----- Input records -----

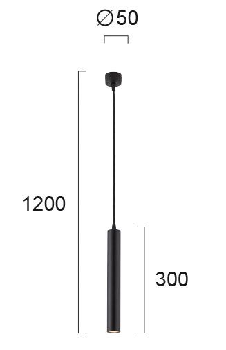 Διαστάσεις: Ø50 x Η 1200mm Ύψος Σώματος Φωτιστικού 300 mm
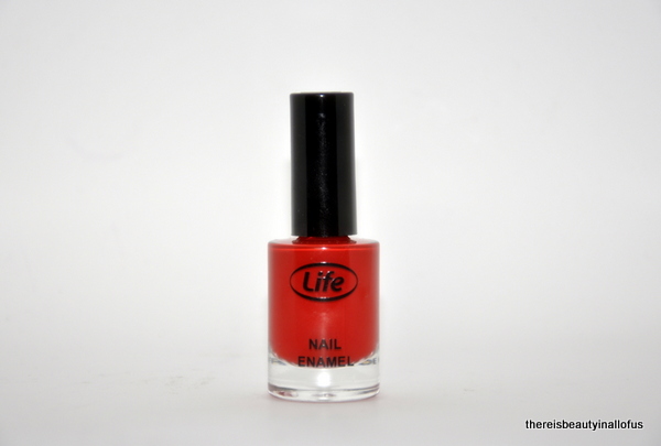 Life הוא לק אדום - עגבנייה קלאסי, מהסוג שכל אישה תשמח למרוח (באם אין לה סלידה ללק אדום). הגימור הקרמי הוא תמיד מועדף עליי אישית בלקים אדומים ואני בטוחה שבמקרה הזה אי אפשר ממש להבחין בכך שהלק עולה גרושים (בדרך כלל בין 10 ל-15 ש"ח)- הוא מבריק, נמרח מצוין ועמיד (עם טופ כמובן).
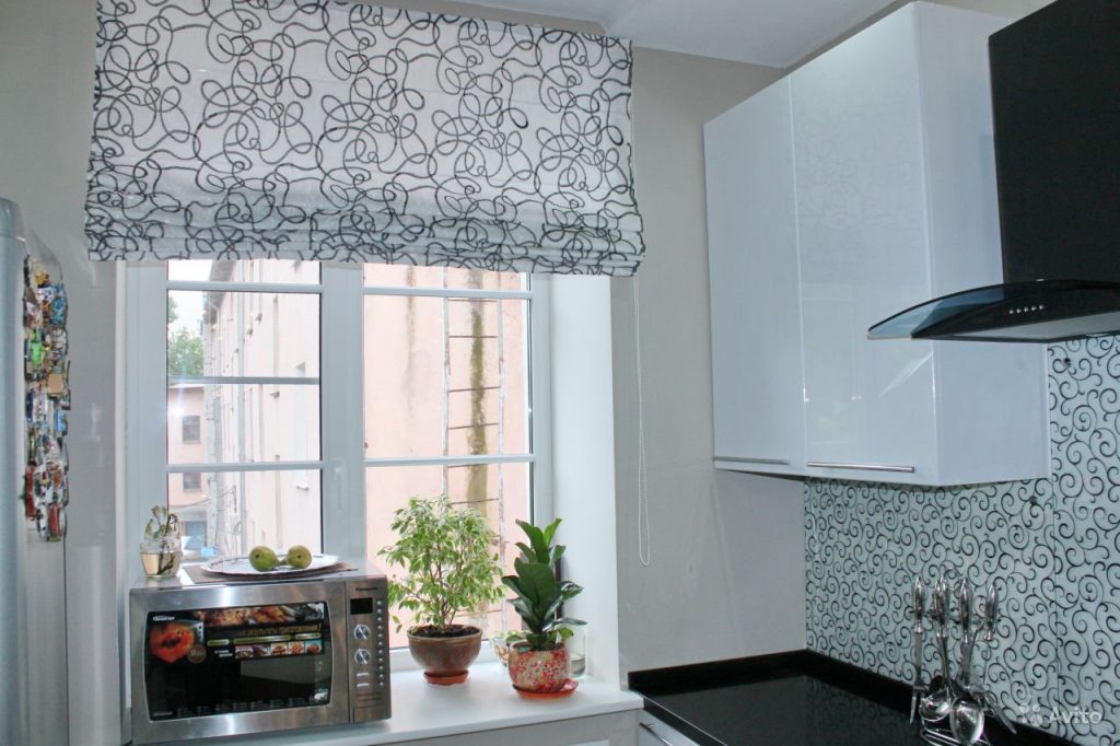 На кухне часто окно располагается над мойкой, или есть необходимость в использовании подоконника, поэтому короткие модели часто используются для декора оконного проема.
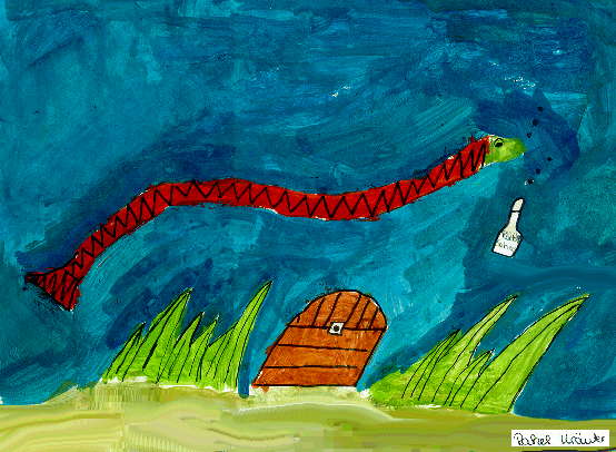Wasserfarbbild: "Das Ungeheuer von Loch-Ness!" Rahel Kräuter 5a / 2006 WWG
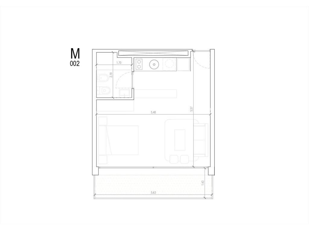 Unidad Monoambiente con salida a terraza. Cocina integrada con bajo mesadas incluidas.
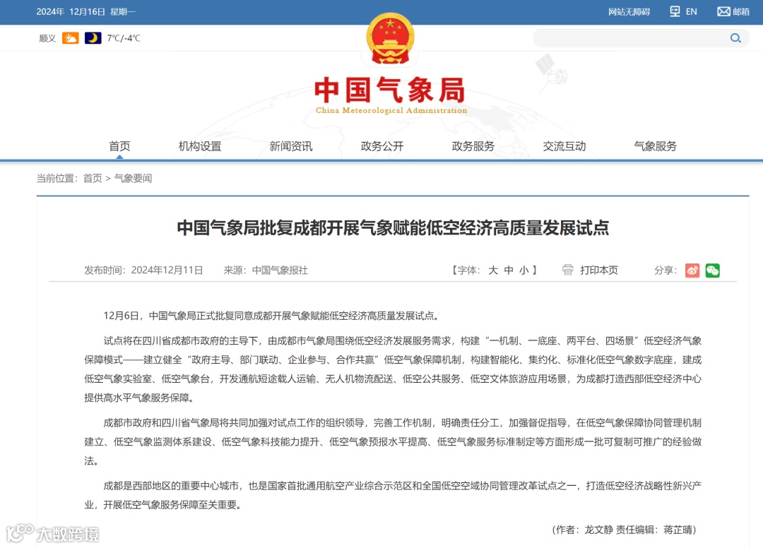 12月6日,中国气象局正式批复同意成都开展气象赋能低空经济高质量发展试点。
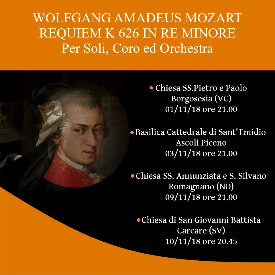 Venerdì 9 Novembre alle ore 21 in chiesa SS. Annunziata e S Silvano si terrà “REQUIEM IN RE MINORE K626” di Wolfgang Amadeus Mozart per soli, coro e orchestra.
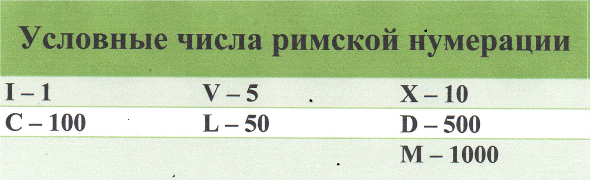 Попробуем разобраться в римской нумерации с помощью простой таблицы:
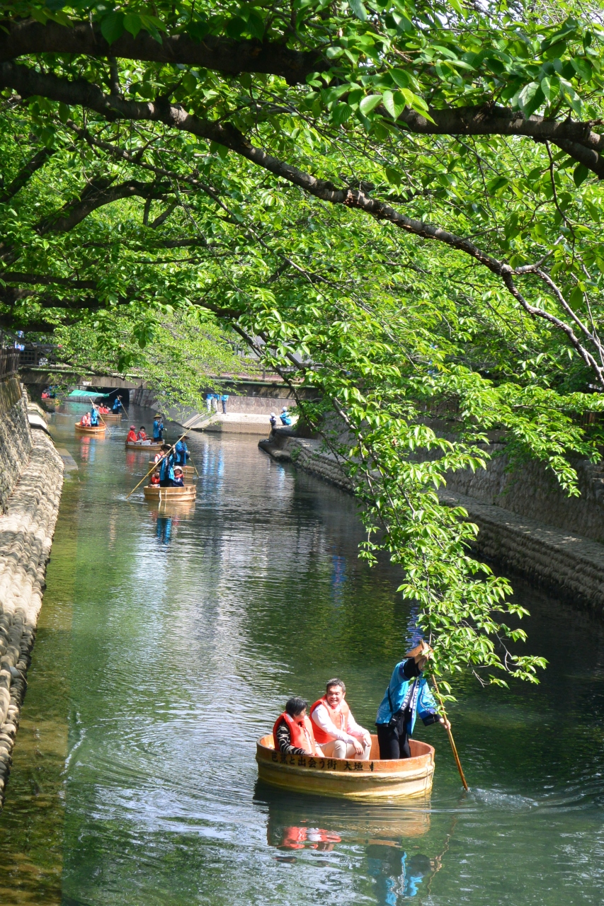 船頭さんの説明を聞きつつ、新緑を眺めながら、
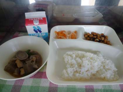 今日の給食は【筑前煮・ひじき豆・紅白なます・ごはん・牛乳】でした。ごちそうさまでした。
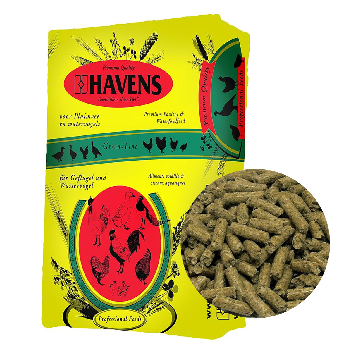 HAVENS START & GROW 3-mm Spezialpellet wird vom Schlüpfen bis zur 16.–18. Lebenswoche verfüttert. Es kann pur oder in Kombination mit kleinen Mengen Getreide gegeben werden. Beachte, dass Getreidemischungen höchstens 30 % der täglichen Futterration ausmachen sollten, da sie keine zusätzlichen Vitamine oder Mineralstoffe enthalten.
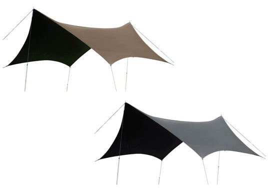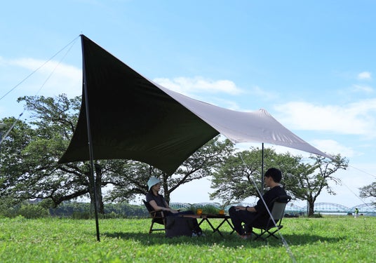 大きな影を作り出すファミリーサイズ。高級感あるリップストップ生地を採用し、初心者でも簡単に美しいシルエットで張れます。キャンプはもちろん、川遊びやBBQ で活躍します。
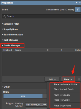 在Guide Manager選項(xiàng)組中單擊Place下拉列表,根據(jù)需要放置參考線。
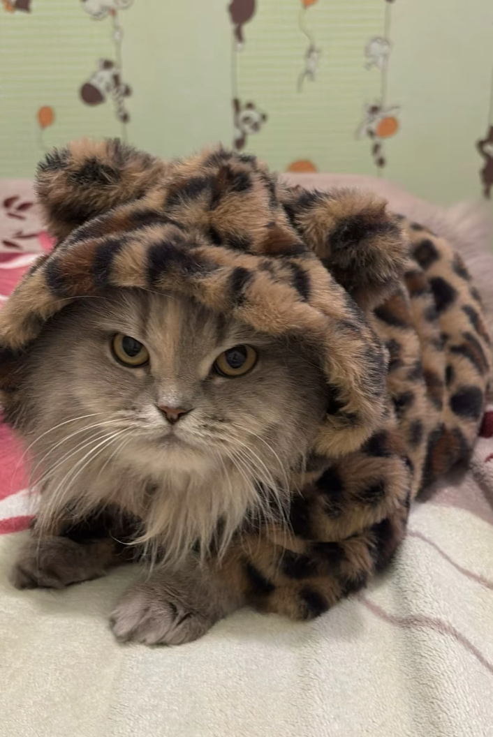Leopar desenli olan tam bir moda ikonu gibi duruyor! ❤️
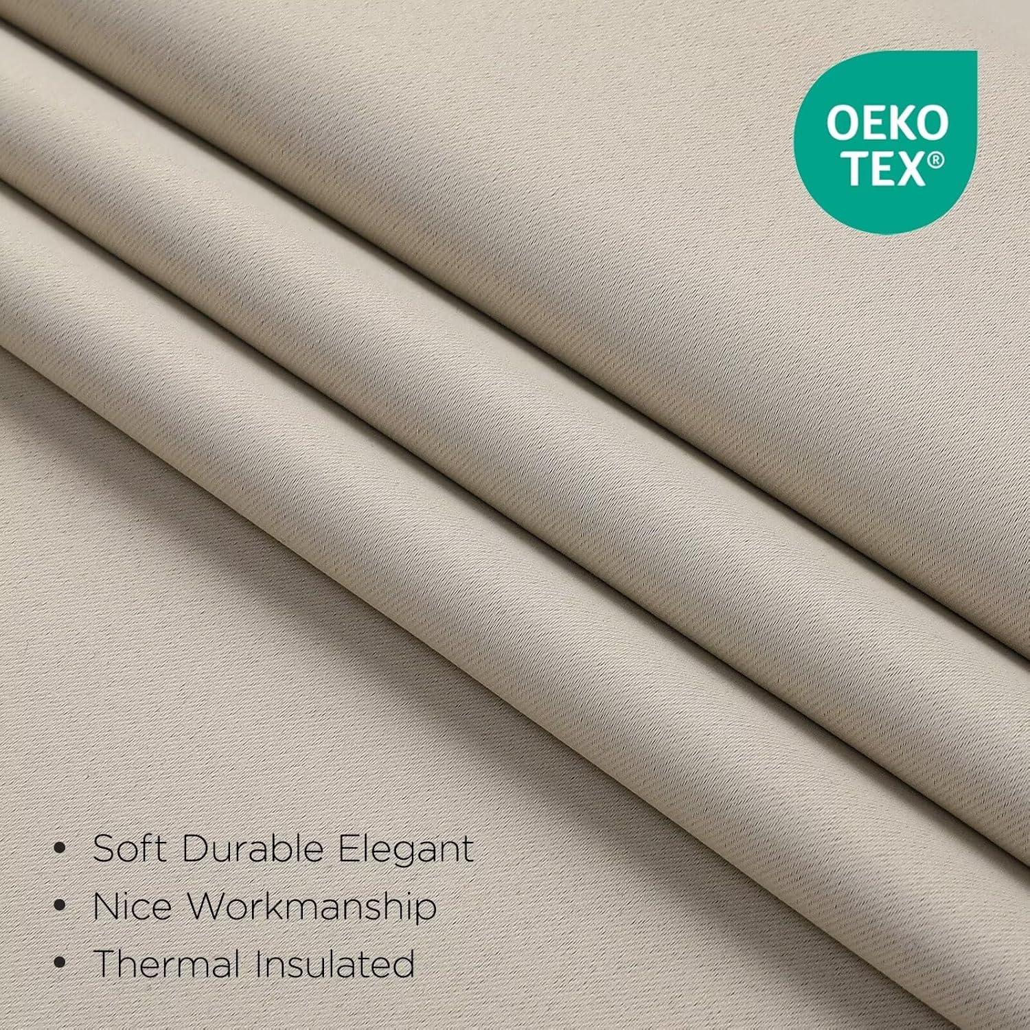 Joydeco 90 Inch Blackout Curtains for Bedroom, Thermal Insulated Black Out Curtains 2 Panels Set, Room Darkening Drapes for Living Room Window Rod Pocket Back Tab (W52 x L90 Inch, Light Beige)
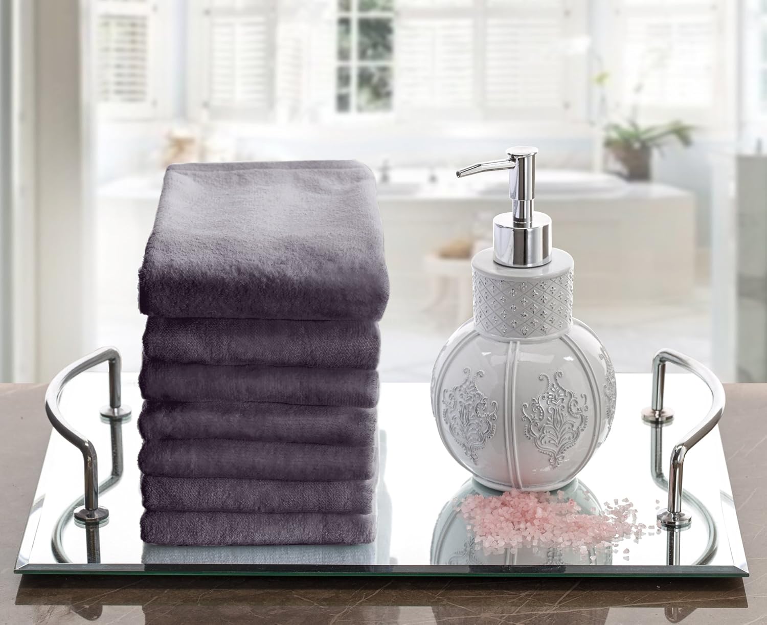 Creative Scents Cotton Fingertip Towels Set - 4 Pack - 11 x 18 Inches Decorative Small Extra-Absorbent and Soft Terry Towel for Bathroom - Powder Room, Guest and Housewarming Gift (Grey)
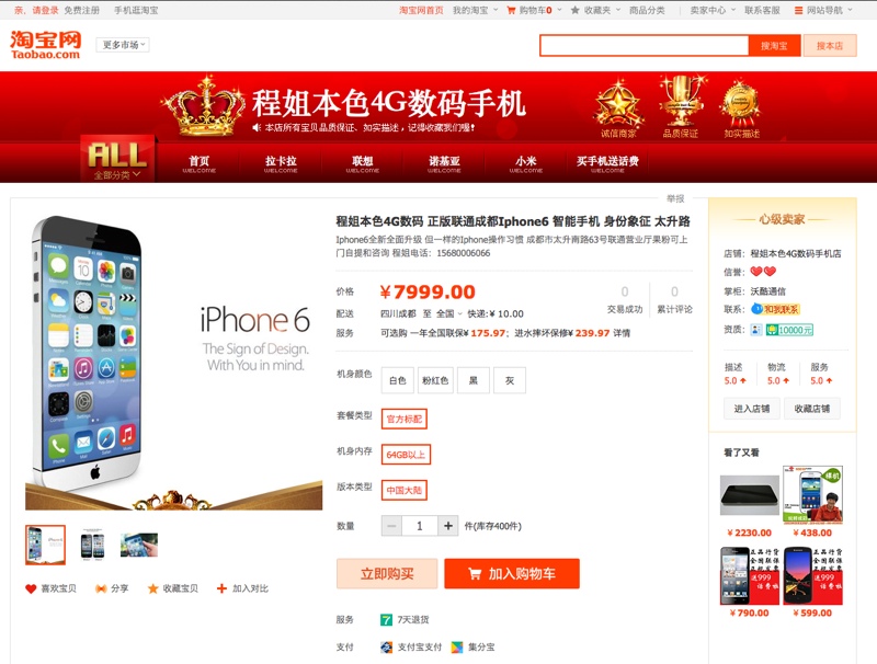 In Cina sono già disponibili i preordini iPhone 6. Il nuovo smartphone deve ancora essere annunciato da Apple ma questo non ha impedito a numerosi rivenditori online di proporre fin da ora i preordini iPhone 6, sia per il modello da 4,7” sia per quello più grande da 5,5 pollici. La maggior parte dei rivenditori, che opera sul portale di compravendite Taobao gestito da Alibaba, dichiara di poter assicurare i nuovi iPhone 6 importandoli dagli USA oppure da Hong Kong.

-----

__Problem details__. Where a picture appears, omit it; otherwise reproduce each line above from the first to the one with "今日の給食は【筑前煮・ひじき", inclusive.

__Worked solution__.
 Διαστάσεις: Ø50 x Η 1200mm Ύψος Σώματος Φωτιστικού 300 mm
 Life הוא לק אדום - עגבנייה קלאסי, מהסוג שכל אישה תשמח למרוח (באם אין לה סלידה ללק אדום). הגימור הקרמי הוא תמיד מועדף עליי אישית בלקים אדומים ואני בטוחה שבמקרה הזה אי אפשר ממש להבחין בכך שהלק עולה גרושים (בדרך כלל בין 10 ל-15 ש"ח)- הוא מבריק, נמרח מצוין ועמיד (עם טופ כמובן).
 На кухне часто окно располагается над мойкой, или есть необходимость в использовании подоконника, поэтому короткие модели часто используются для декора оконного проема.
Wasserfarbbild: "Das Ungeheuer von Loch-Ness!" Rahel Kräuter 5a / 2006 WWG
 Unidad Monoambiente con salida a terraza. Cocina integrada con bajo mesadas incluidas.
 12月6日,中国气象局正式批复同意成都开展气象赋能低空经济高质量发展试点。
 Venerdì 9 Novembre alle ore 21 in chiesa SS. Annunziata e S Silvano si terrà “REQUIEM IN RE MINORE K626” di Wolfgang Amadeus Mozart per soli, coro e orchestra.
 Попробуем разобраться в римской нумерации с помощью простой таблицы:
 船頭さんの説明を聞きつつ、新緑を眺めながら、
 今日の給食は【筑前煮・ひじき豆・紅白なます・ごはん・牛乳】でした。ごちそうさまでした。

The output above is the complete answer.